[Extracted entries — start]

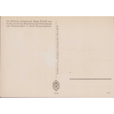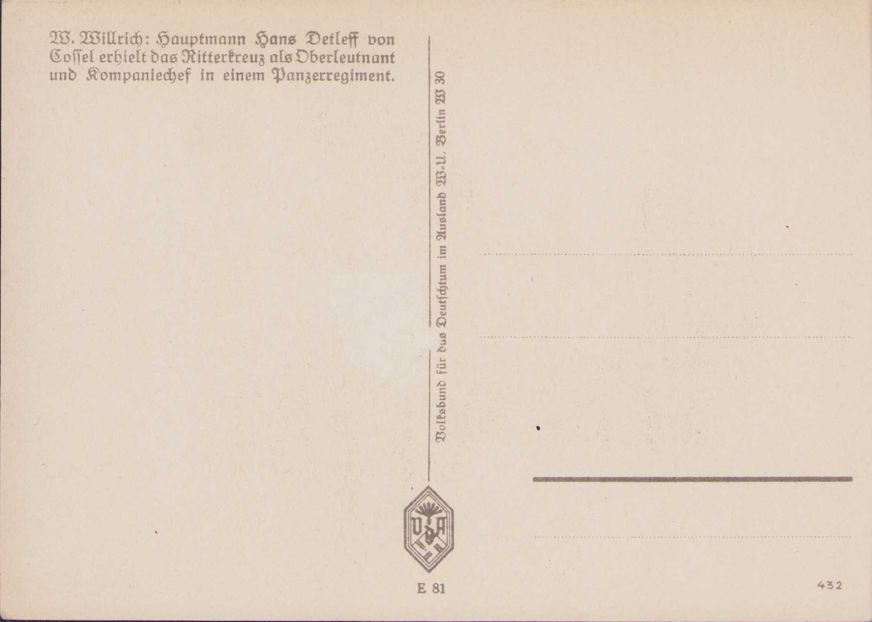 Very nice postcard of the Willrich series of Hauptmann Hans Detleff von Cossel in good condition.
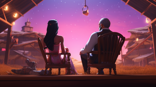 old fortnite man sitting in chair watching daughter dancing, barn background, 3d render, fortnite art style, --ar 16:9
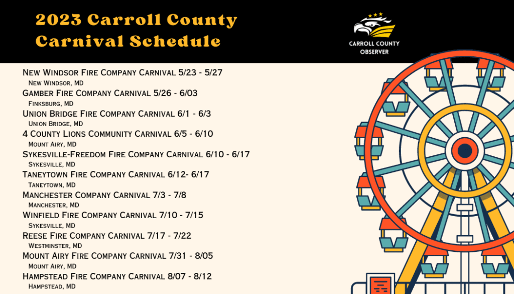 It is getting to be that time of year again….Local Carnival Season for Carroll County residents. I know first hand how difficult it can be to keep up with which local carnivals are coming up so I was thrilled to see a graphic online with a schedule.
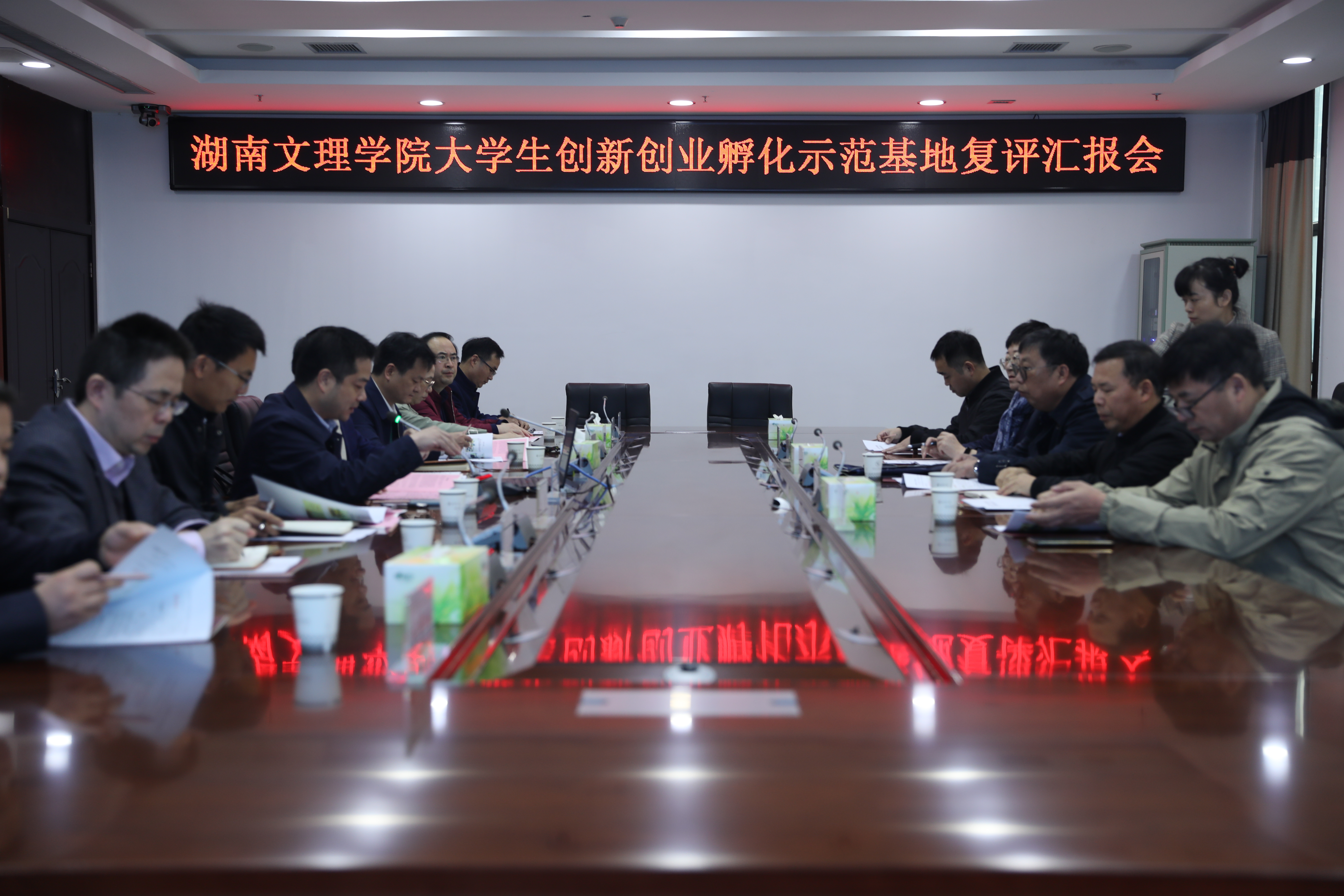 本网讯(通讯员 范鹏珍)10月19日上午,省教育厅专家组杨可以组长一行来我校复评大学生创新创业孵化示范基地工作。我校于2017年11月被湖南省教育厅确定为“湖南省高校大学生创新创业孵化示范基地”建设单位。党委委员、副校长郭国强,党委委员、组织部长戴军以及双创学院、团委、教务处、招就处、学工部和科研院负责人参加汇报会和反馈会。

[Extracted entries — finish]
[Extracted entries — start]

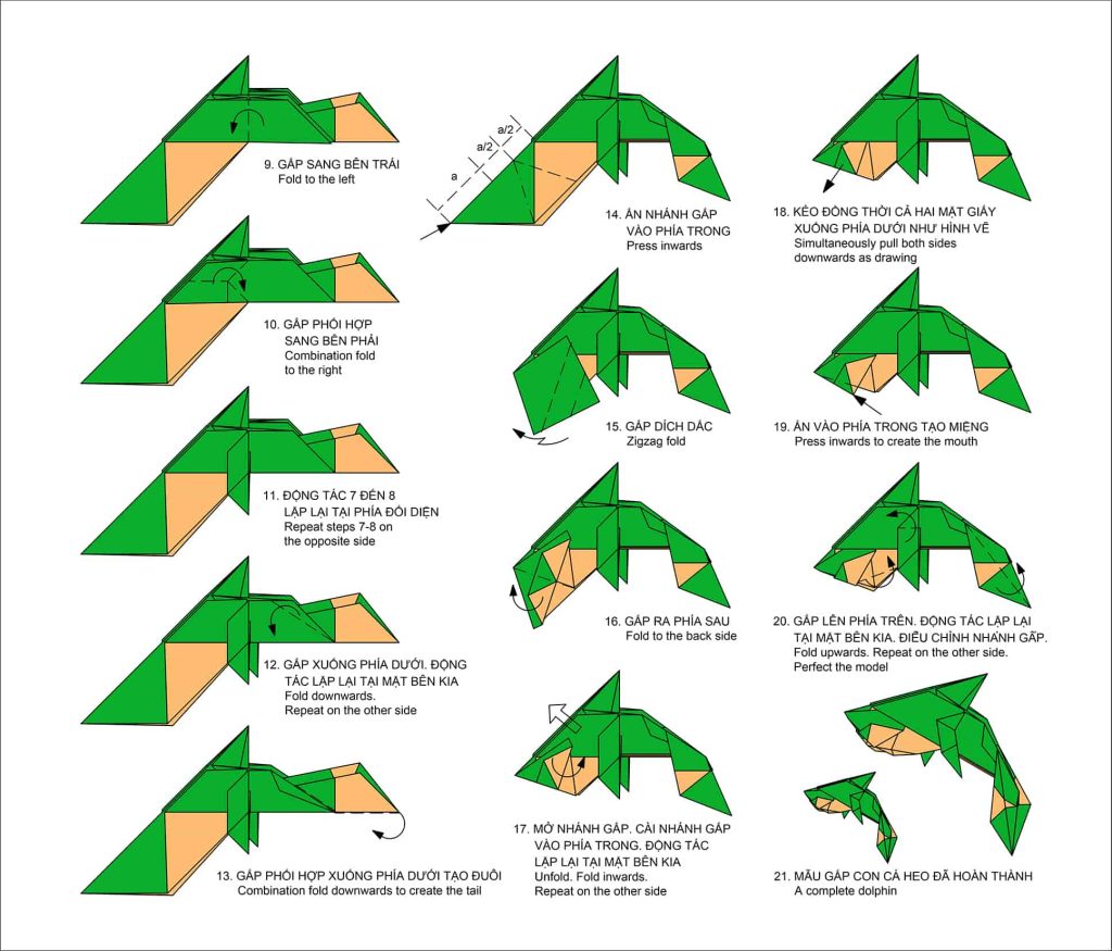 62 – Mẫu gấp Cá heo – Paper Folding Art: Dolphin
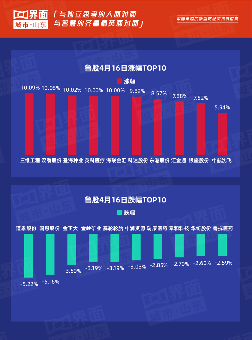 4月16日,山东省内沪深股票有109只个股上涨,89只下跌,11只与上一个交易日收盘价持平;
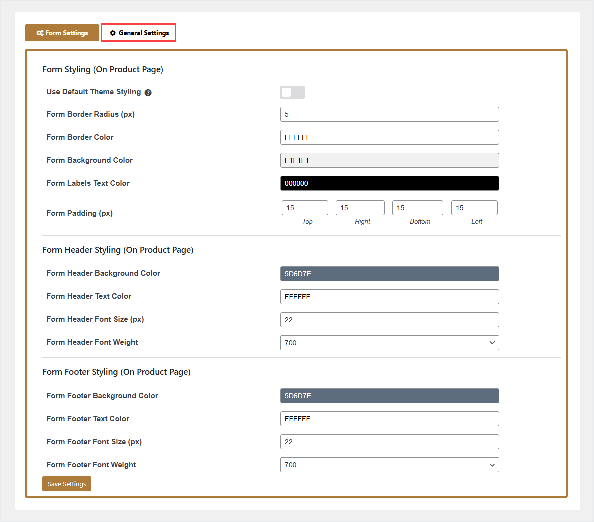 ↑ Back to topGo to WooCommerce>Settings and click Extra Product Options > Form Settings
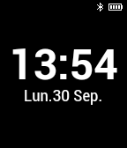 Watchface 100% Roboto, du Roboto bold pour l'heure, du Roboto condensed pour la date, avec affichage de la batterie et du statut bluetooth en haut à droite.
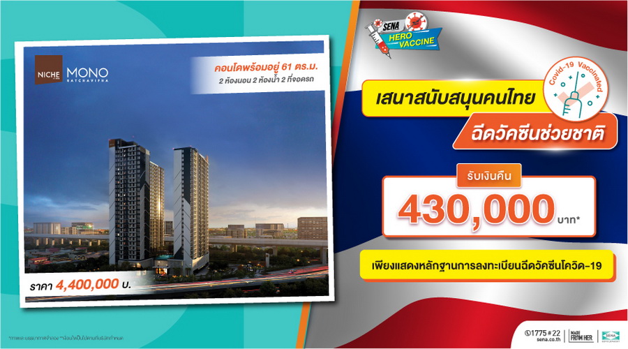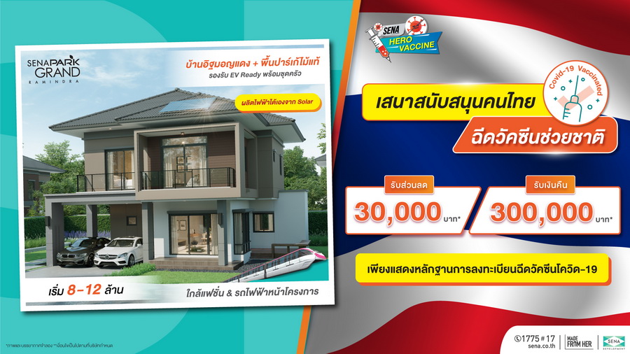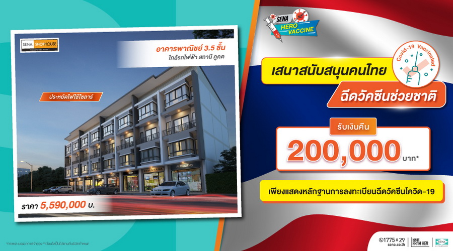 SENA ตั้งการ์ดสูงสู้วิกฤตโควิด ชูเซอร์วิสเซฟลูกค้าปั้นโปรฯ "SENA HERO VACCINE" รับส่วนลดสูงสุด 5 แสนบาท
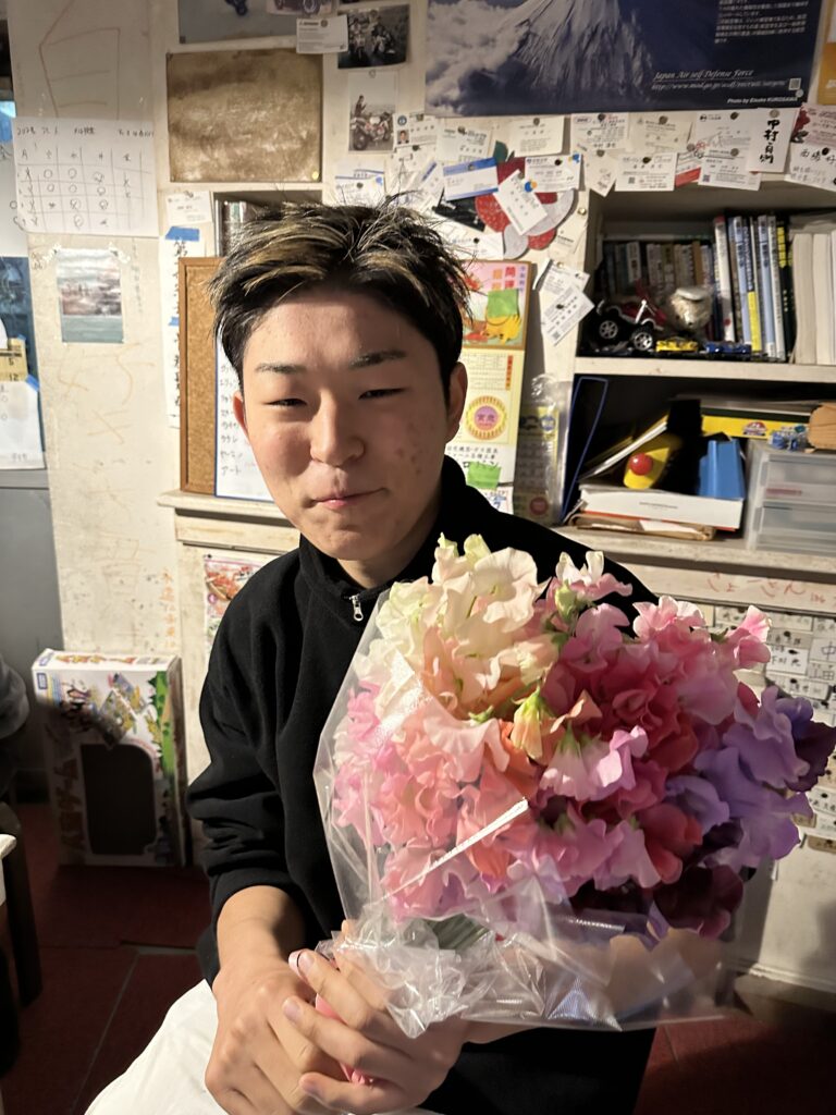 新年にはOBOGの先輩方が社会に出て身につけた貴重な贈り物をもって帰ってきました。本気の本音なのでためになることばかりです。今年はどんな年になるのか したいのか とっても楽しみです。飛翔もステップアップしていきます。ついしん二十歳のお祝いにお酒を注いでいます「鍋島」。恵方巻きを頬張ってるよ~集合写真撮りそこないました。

[Extracted entries — finish]
[Extracted entries — start]

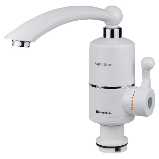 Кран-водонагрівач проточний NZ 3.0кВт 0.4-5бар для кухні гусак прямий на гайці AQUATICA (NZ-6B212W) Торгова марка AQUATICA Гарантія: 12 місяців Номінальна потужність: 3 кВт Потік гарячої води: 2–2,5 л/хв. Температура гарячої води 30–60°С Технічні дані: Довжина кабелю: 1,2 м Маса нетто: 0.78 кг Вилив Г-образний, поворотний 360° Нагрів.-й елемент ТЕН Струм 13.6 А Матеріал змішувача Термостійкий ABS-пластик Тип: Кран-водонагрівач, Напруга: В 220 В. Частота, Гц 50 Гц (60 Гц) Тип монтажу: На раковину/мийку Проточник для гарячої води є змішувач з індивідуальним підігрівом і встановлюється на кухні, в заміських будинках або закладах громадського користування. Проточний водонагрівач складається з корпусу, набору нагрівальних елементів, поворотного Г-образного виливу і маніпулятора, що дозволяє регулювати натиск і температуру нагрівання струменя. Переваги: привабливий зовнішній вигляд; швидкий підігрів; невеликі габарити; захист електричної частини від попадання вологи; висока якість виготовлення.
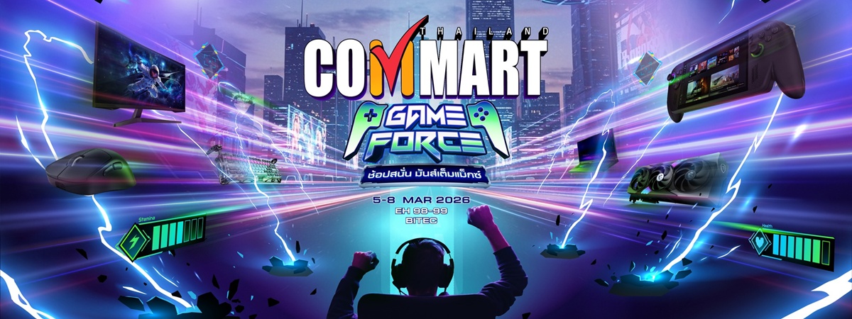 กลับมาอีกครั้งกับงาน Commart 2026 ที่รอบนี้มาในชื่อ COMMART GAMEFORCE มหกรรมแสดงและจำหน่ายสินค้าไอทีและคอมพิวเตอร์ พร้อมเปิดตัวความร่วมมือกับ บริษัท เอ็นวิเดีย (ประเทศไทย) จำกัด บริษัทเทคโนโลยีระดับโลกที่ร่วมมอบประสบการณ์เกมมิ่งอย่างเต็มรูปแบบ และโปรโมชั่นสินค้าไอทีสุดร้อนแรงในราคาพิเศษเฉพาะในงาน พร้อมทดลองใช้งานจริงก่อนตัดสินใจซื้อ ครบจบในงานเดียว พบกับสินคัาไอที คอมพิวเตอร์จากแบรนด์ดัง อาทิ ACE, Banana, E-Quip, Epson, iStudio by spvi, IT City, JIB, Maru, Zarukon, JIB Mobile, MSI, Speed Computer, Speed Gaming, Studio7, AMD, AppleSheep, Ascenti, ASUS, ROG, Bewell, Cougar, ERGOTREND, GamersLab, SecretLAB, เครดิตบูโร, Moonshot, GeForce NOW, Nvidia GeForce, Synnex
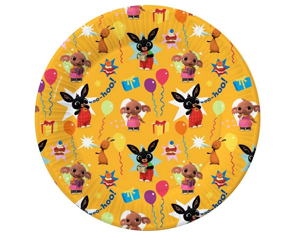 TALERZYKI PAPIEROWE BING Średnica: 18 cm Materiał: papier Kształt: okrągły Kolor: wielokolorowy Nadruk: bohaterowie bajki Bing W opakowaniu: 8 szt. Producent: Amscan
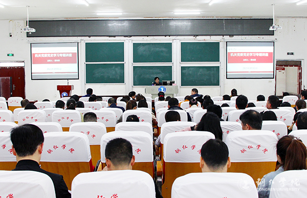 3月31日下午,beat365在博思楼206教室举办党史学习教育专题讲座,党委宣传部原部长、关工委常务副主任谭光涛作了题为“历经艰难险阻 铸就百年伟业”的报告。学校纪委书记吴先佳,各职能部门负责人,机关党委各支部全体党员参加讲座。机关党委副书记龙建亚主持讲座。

[Extracted entries — finish]

» **What is needed**
Once the line with "old fortnite man" has been found above, output that line and every later line exactly, stopping after the line with "本网讯(通讯员 范鹏珍)10", and omit the pictures.

» **Task output**
 old fortnite man sitting in chair watching daughter dancing, barn background, 3d render, fortnite art style, --ar 16:9
 It is getting to be that time of year again….Local Carnival Season for Carroll County residents. I know first hand how difficult it can be to keep up with which local carnivals are coming up so I was thrilled to see a graphic online with a schedule.
 本网讯(通讯员 范鹏珍)10月19日上午,省教育厅专家组杨可以组长一行来我校复评大学生创新创业孵化示范基地工作。我校于2017年11月被湖南省教育厅确定为“湖南省高校大学生创新创业孵化示范基地”建设单位。党委委员、副校长郭国强,党委委员、组织部长戴军以及双创学院、团委、教务处、招就处、学工部和科研院负责人参加汇报会和反馈会。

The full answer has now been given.